I am a sucker for epistolary stories and have enjoyed horror with Dracula or science-fiction with The Martian. There are great love stories expressed in letters and I first decided that this was a thing I enjoyed in romance with Love, Rosie, Cecilia Ahern's second novel. When I saw a similar premise described in Donna Marchetti's Hate Mail, I decided to see which one was the true love story. And the answer is...not that simple.
Immersion vs. Incidents
From the beginning, Love, Rosie is written entirely in correspondence. We see children issuing invitations to birthday parties and notes sent home from a frustrated teacher. These missives evolve into instant message chats and e-mails and are interspersed with things such as newspaper articles or christening invitations. It is not until the final scene that we see face-to-face interaction and the payoff of that is immense. I related to it deeply as someone who loves talking to friends in ways that can be rewritten and rethought. And it's a classic example of the course of true love never running smoothly.

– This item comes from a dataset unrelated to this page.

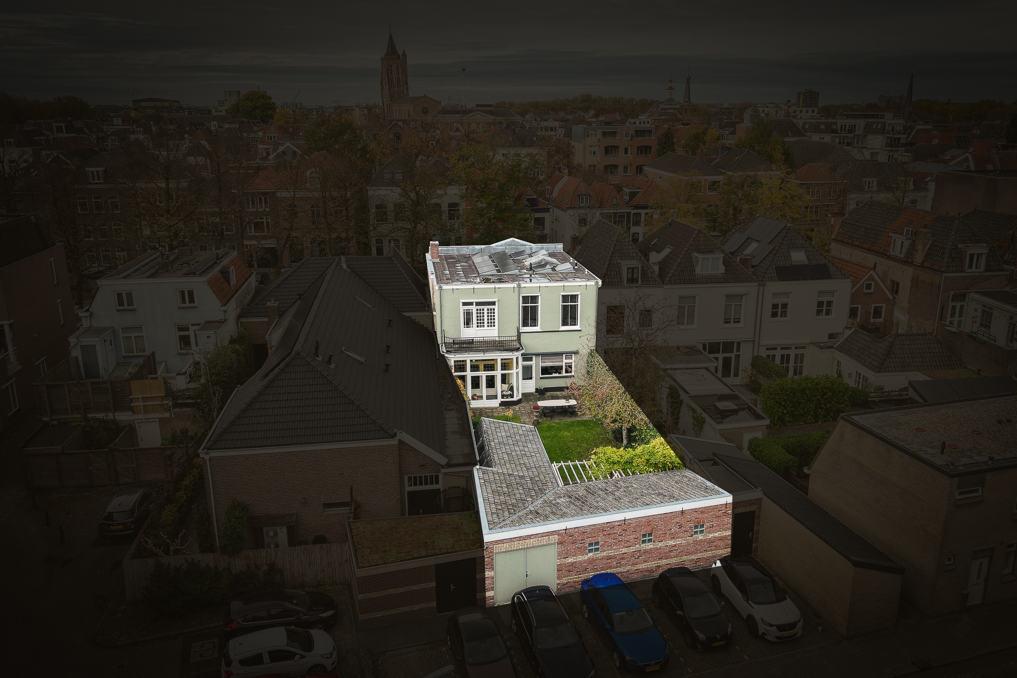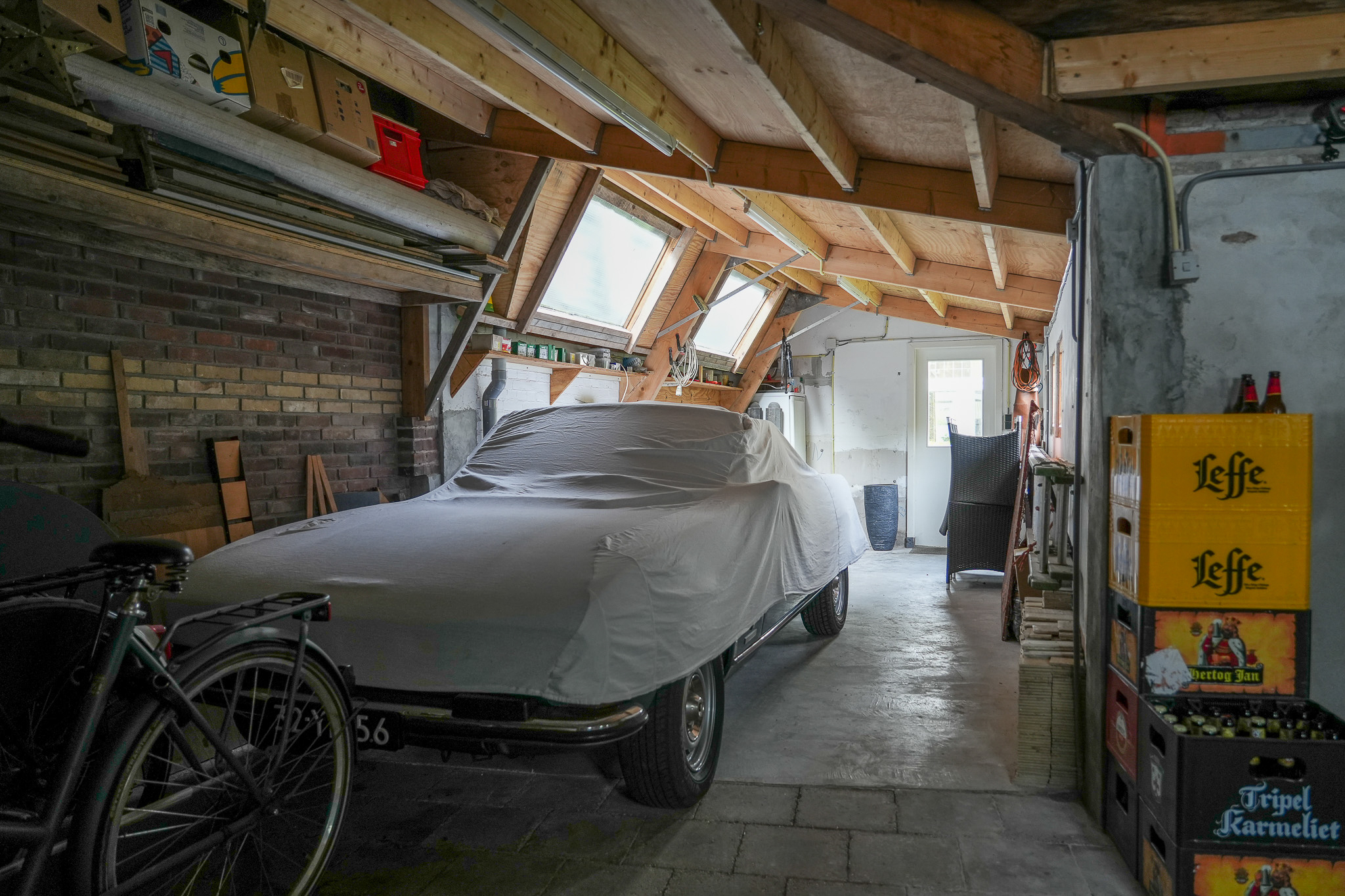 Achter de woning ligt een unieke, 9,5 meter brede en 15 meter diepe tuin op het oosten en zuiden. Er is altijd wel ergens een plekje in de zon of schaduw te vinden. In 2021 hebben de eigenaren het perceel kunnen uitbreiden, waardoor er ruimte ontstond om een groot pannengedekt bijgebouw te bouwen. Deze ruimte van 59 m² leent zich bij uitstek als stallingsruimte voor een oldtimer of boot, dan wel als atelier. De dubbele garagedeuren komen uit op de parkeerplaats direct achter de woning.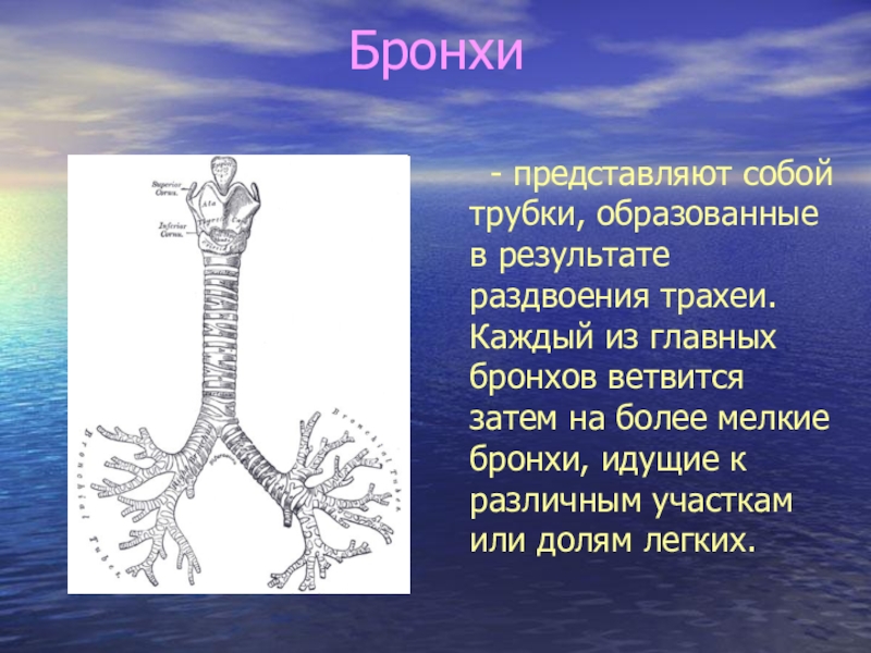 трахеи. Каждый из главных бронхов ветвится затем на более мелкие бронхи, идущие к различным участкам или долям легких.

On the other hand, we have Hate Mail. which starts with the impression of conflict. Naomi gets fan mail at the television station where she works and it lovingly says,, "Dear Naomi, I hope you get struck by lightning and die in the middle of your next weather report." We then see the story that leads us to this point where children assigned to be each other's pen pals try to tactfully stop their correspondence by making each letter uncomfortable for the other. I enjoyed this one because we got to see vignettes of each character's life and the way that they try to express their experiences in written form. Each of them understands more about what their pen pal is going through than they let on and there is emotional transparency that really works in this context.
So, should you read the Irish hilarity or the semi-epistolary book that spends far more time showing the outside lives of our writers? The answer is yes. Love, Rosie leaves a great deal to the reader's imagination and draws them into filling in the gap. Hate Mail has moments of cleverness in its understanding of how difficult it is to put feelings onto paper.